Programmers have already automated many things, way before AI, and now they've got a new tool to automate even more thing. Sure in the end AI may automate programmers themselves: but not before oh-so-many people are out of a job.

A friend of mine is a translator: translates tolerates approximation. Translation tolerates some level of bullshittery. She gets maybe 1/10th the job she used to get and she's now in trouble. My wife now does all he r SMEs' websites all by herself, with the help of AI tools.

A friend of my wife she's a junior lawyer (another domain where bullshitting flies high) and the reason for why she was kicked out of her company: "we've replaced you with LLMs". LLMs are the ultimate bullshit producers: so it's no surprise junior lawyers are now having a hard time.

In programming a single character is the difference between a security hole or no security hole. There's a big difference between something that kinda works but is not performant and insecure and, say, Linux or Git or K8s (which AI models do run on and which AI didn't create).

The day programmers are replaced shall only come after AI shall have disrupted so many other jobs that it should be the least of our concerns.

Translators, artists (another domain where lots of approximative full-on bullshit is produced), lawyers (juniors at least) even, are having more and more problems due to half-arsed AI outputs coming after their jobs.

It's all the bullshitty jobs where bullshit that tolerates approximation is the output that are going to be replaced first. And the world is full of bullshit.

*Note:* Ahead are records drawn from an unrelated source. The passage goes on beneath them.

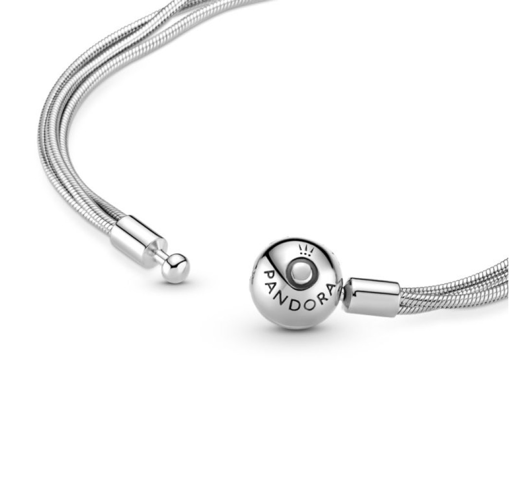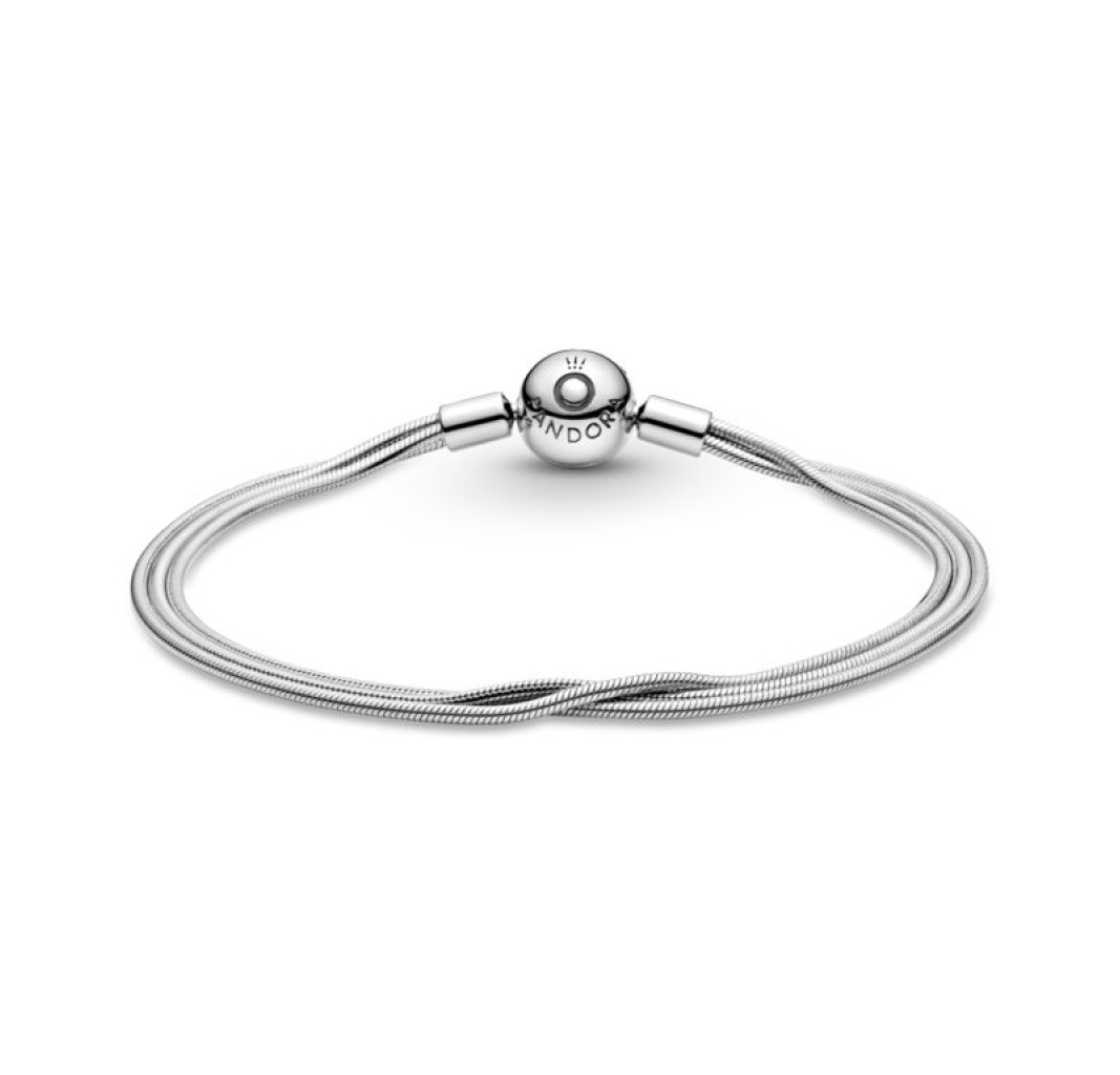 Pulsera Pandora Moments Multi Cadena de Serpiente en plata de primera ley con cierre en forma circular.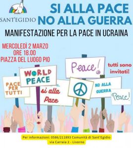 Saremo insieme con l’unica rappresentanza della pace, dicono dalla Comunità di Sant’Egidio di Livorno.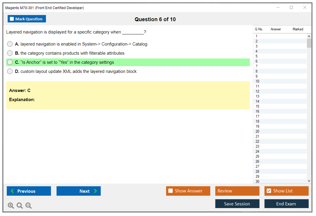 The question format of the Magento M70-301 Exam is multiple-choice questions.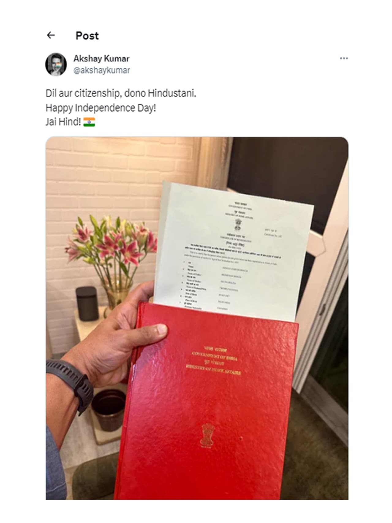 இந்த தகவலை மிகவும் மகிழ்ச்சியுடன் அக்ஷய் குமார், இந்தியாவின் 77-ஆவது சுதந்திர தினமான, இன்று வெளிப்படுத்தியுள்ளார். இதுகுறித்த அவரே தன்னுடைய ட்விட்டர் பக்கத்திலும் அறிவித்துள்ளார். அக்ஷய் குமார் தனது கனடிய குடியுரிமையைத் துறந்து, சில மாதங்களுக்கு முன்பு இந்திய பாஸ்போர்ட்டுக்கு விண்ணப்பித்திருந்த நிலையில், தற்போது இந்திய பாஸ்போட்டை அவர் பெற்றுள்ளார். ஒரு இந்தியன் என, இந்திய குடியுரிமையோடு கூறுவது மிகவும் மகிழ்ச்சியாக உள்ளது என தெரிவித்துள்ளார்.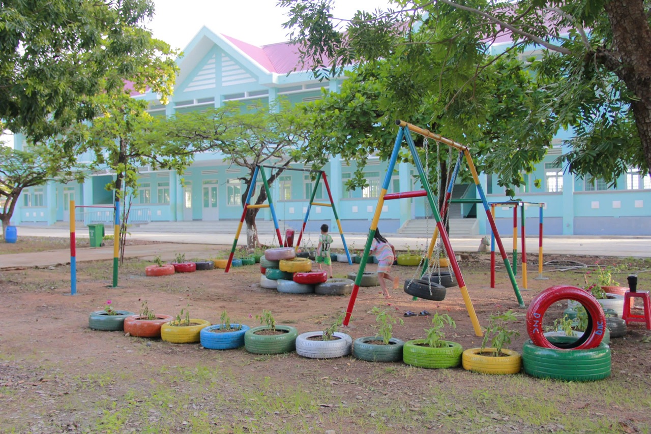 Sân chơi thiếu nhi do các bạn sinh viên Trường Đại học Nam Cần Thơ thực hiện tại xã Cư Kbang, huyện Ea Súp. Ảnh: Đoàn Trường Đại học Nam Cần Thơ.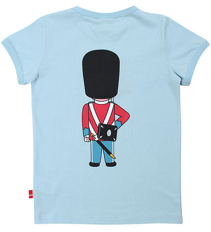 Charming Danefæ t-shirt in a light blue colour. The T-shirt has a large print of a Danish royal lifeguard on the front, adding a playful and classic element to the design.

But you don't fly a 767 and you don't conceive a machine that treats brain tumors with approximations. This is not bullshit.

There shall be non-programmers with pitchforks burning datacenters or ubiquitous UBI way before AI shall have replaced programmers.

That it's an exoskeleton for people who know what they're doing rings very true: it's yet another superpower for devs.

MattGaisertoday at 9:21 AM

> We pay huge communication/synchronization costs to eek out mild speed ups on projects by adding teams of people.

I am surprised at how little this is discussed and how little urgency there is in fixing this if you still want teams to be as useful in the future.

Your standard agile ceremonies were always kind of silly, but it can now take more time to groom work than to do it. I can plausibly spend more time scoring and scoping work (especially trivial work) than doing the work.